A study by researchers at University Hospital in Gothenburg, Sweden, have found that stress and anxiety do not affect the chances of a woman getting pregnant while receiving fertility treatment.



Out of 166 women who answered the initial questionnaire, 139 women had embryos available for transfer during the study. Fifty-eight women got pregnant while 81 did not. The woman's state of mind, as assessed by the initial questionnaire and then a second questionnaire immediately before her eggs were retrieved, made no difference as to whether she became pregnant or not. The researchers saw similar pregnancy rates in women reporting anxiety and depression and women who did not. The number of good quality embryos was the only variable linked to getting pregnant.

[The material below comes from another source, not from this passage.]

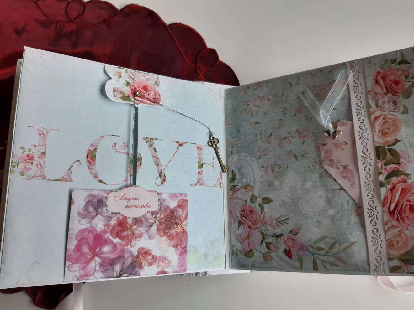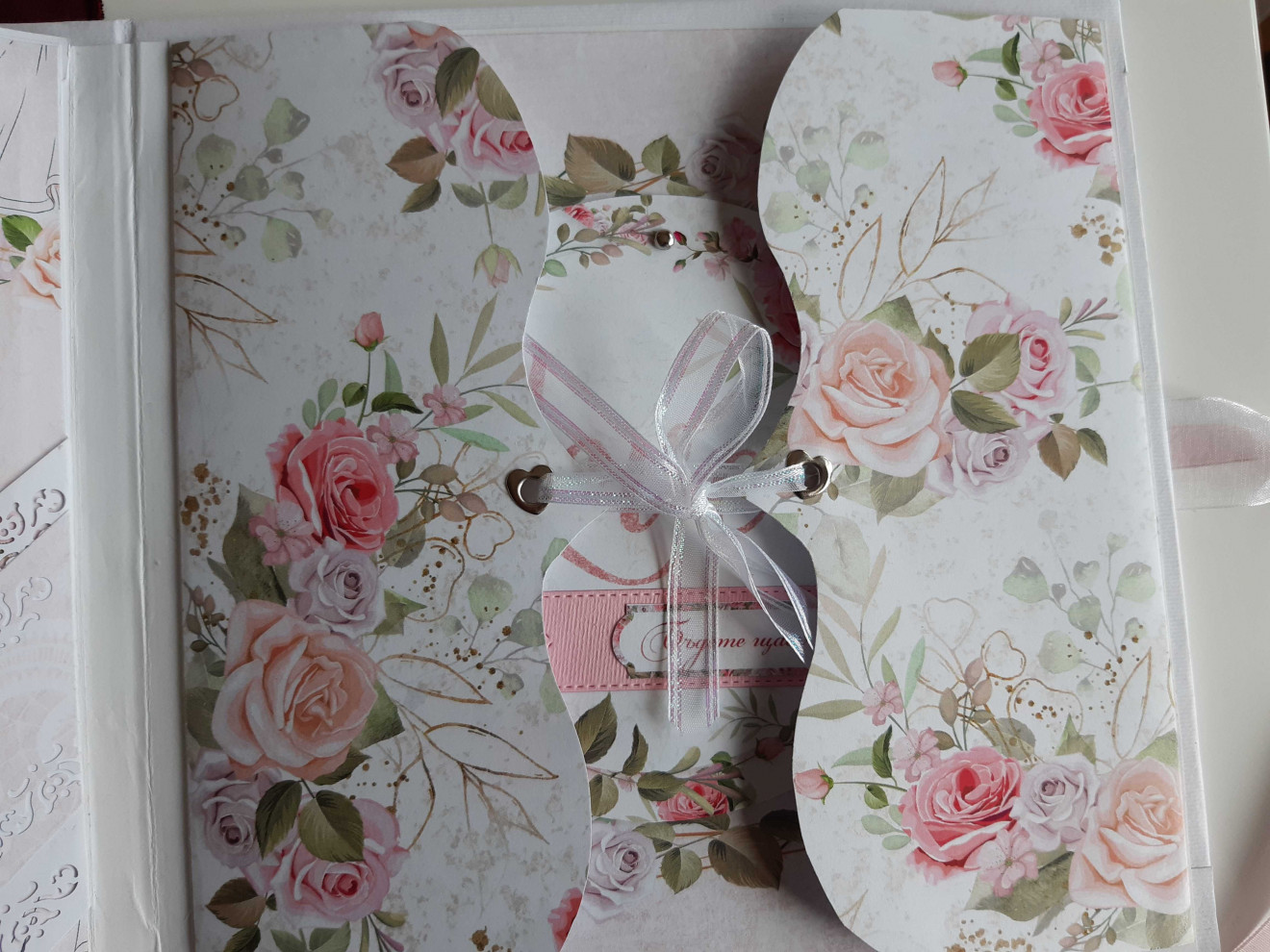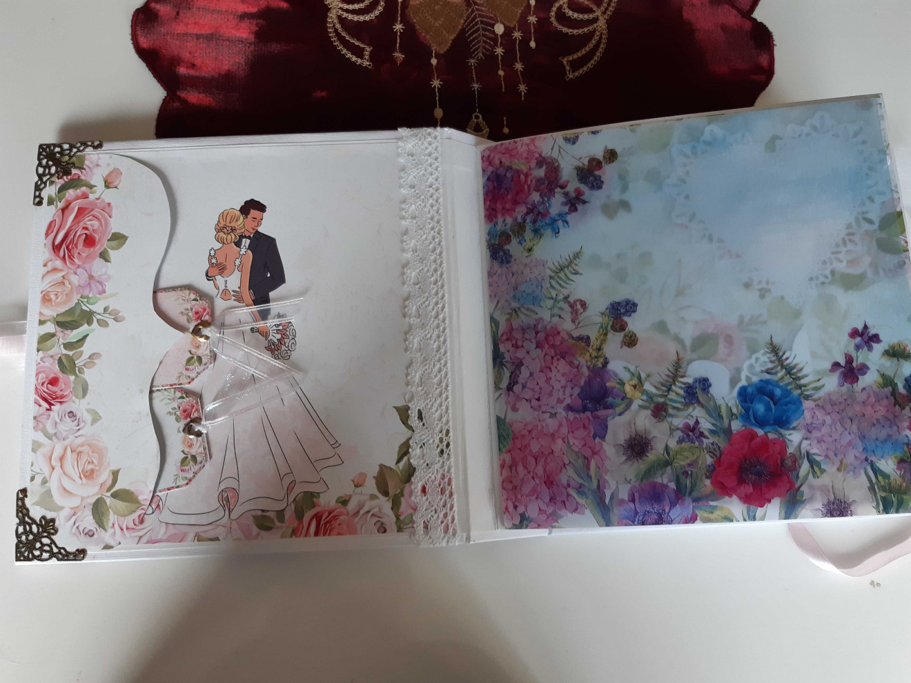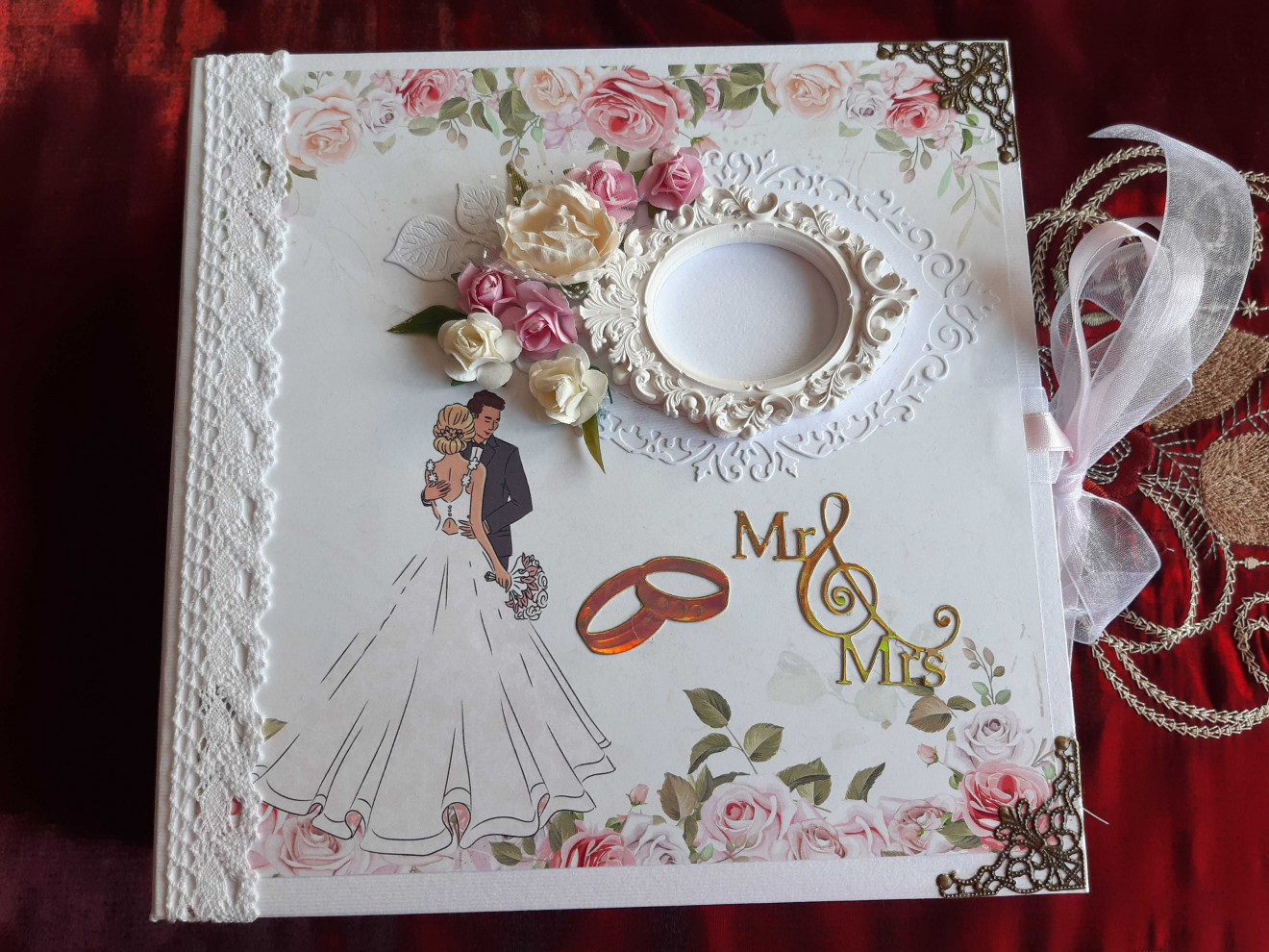 #СВАТБЕН албум.Съдържа 6 листа-12страници.Събира около 100 снимки 10-15см.Изработва се по поръчка от 10 до 14 дни.Може да се персонализира.Предлага се в подаръчна кутия.

The questionnaire used in the study was the Psychological General Well-Being (PGWB) index. This measures the women's emotions, general health, relationship with their partners, lifestyle, outlook on life and the intensity of their desire for a child. The initial questionnaire was given before the women started treatment. The second questionnaire was administered just before egg retrieval because patients often express worry and anxiety at this point. Since questions were asked before the embryo transfer, the answers given could not be influenced by whether the treatment had been successful or not. However, it did not guarantee women answered truthfully, and did not give answers that were more positive than they felt.



Past research does not agree as to whether stress and anxiety contribute to failure to achieve a pregnancy. Some studies suggest they do, and women have been cautioned it could hurt their chances of becoming pregnant. Though this study does not provide a definite answer, it does, due to its size and design, lend weight to the idea that stress and anxiety do not decrease a woman's chance of getting pregnant. Dr Lisbeth Anderheim, lead author of the paper, published in the journal Human Reproduction, stated, 'we can use these findings to reassure women, and this information should, in itself, help to reduce their stress and worry'.



Though stress may not be linked to the outcome of IVF, it is a 'very real factor throughout the infertility process and the psychological and emotional distress caused affects every part of a couple's life', according to Infertility Network UK, a national organisation providing help and support to infertility sufferers.